Prevalence and associated factors of hypertension among veterans of the Indian Gorkha regiments living in Pokhara Metropolitan City, Nepal

Sapkota A, Neupane D, Shrestha AD et al
BMC Health Service Research

Background: Hypertension is a major preventable risk factor for cardiovascular disease. Occupational factors such as having served or serving in armed forces may be associated with hypertension. This study aimed to assess the prevalence and factors associated with hypertension among veterans of the Indian Gorkha army living in western Nepal.

A community-based cross-sectional study was conducted among the veterans living in the Pokhara metropolitan city. Data on blood pressure (BP), anthropometric measurements, and behavioral factors were collected by face-to-face interviews using the World Health Organization's non-communicable disease risk factor surveillance (STEPS) tool. Hypertension was defined as systolic blood pressure (BP) ≥ 140 mm Hg and/or diastolic BP of ≥ 90 mm Hg or currently on antihypertensive medication.
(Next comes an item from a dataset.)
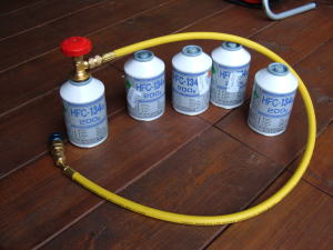 | ガスの補充だけだと、真空ポンプやマニホールドゲージも必要ないので安く上がります。 エアコンガスは1本260円です。 一本だけ補充した時点で、お~冷たい!寒いくらいです! ちょっとガス不足の状態ですが、あまりガスをたくさん入れて圧力をかけると抜けやすくなるので、一本補充で終了。 これで今年の夏は さんごまるも涼しく乗り切れます! |

The age-adjusted prevalence of hypertension was 66.2 % among the study participants (317). Mean systolic and diastolic blood pressure was 144.5 mmHg (± 18.3) and 89.3mmHg (± 16.0), respectively. Among the hypertensive participants, 67 % were aware of their disease, 90 % of them were under treatment, and 14 % of the individuals who received treatment had their hypertension under control. The proportion of smokers was 12.9 % and alcohol drinker was 86.1 %. One-fourth (25.9 %) of the participants had a family history of hypertension. Veterans aged 55-64 years had higher odds (AOR: 5.3; 95 % CI: 1.8–15.9; p = 0.003) of being associated with hypertension as compared to 35–44 years. Being a current alcohol drinker (AOR: 2.5; 95 % CI: 1.4–4.5; p = 0.003), overweight (AOR: 1.9; 95 % CI: 1.0-3.5; p = 0.04), obese (AOR: 3.1; 95 % CI: 1.1–8.3; p = 0.03) and family history of hypertension (AOR: 2.9; 95 % CI: 1.5–5.8; p = 0.002) were independently associated with hypertension.

Hypertension was prevalent in retired Nepal veterans. Hypertension was associated with a number of modifiable lifestyle and behavioral factors. Our findings suggest the need for screening, education and management of Nepal veterans for hypertension.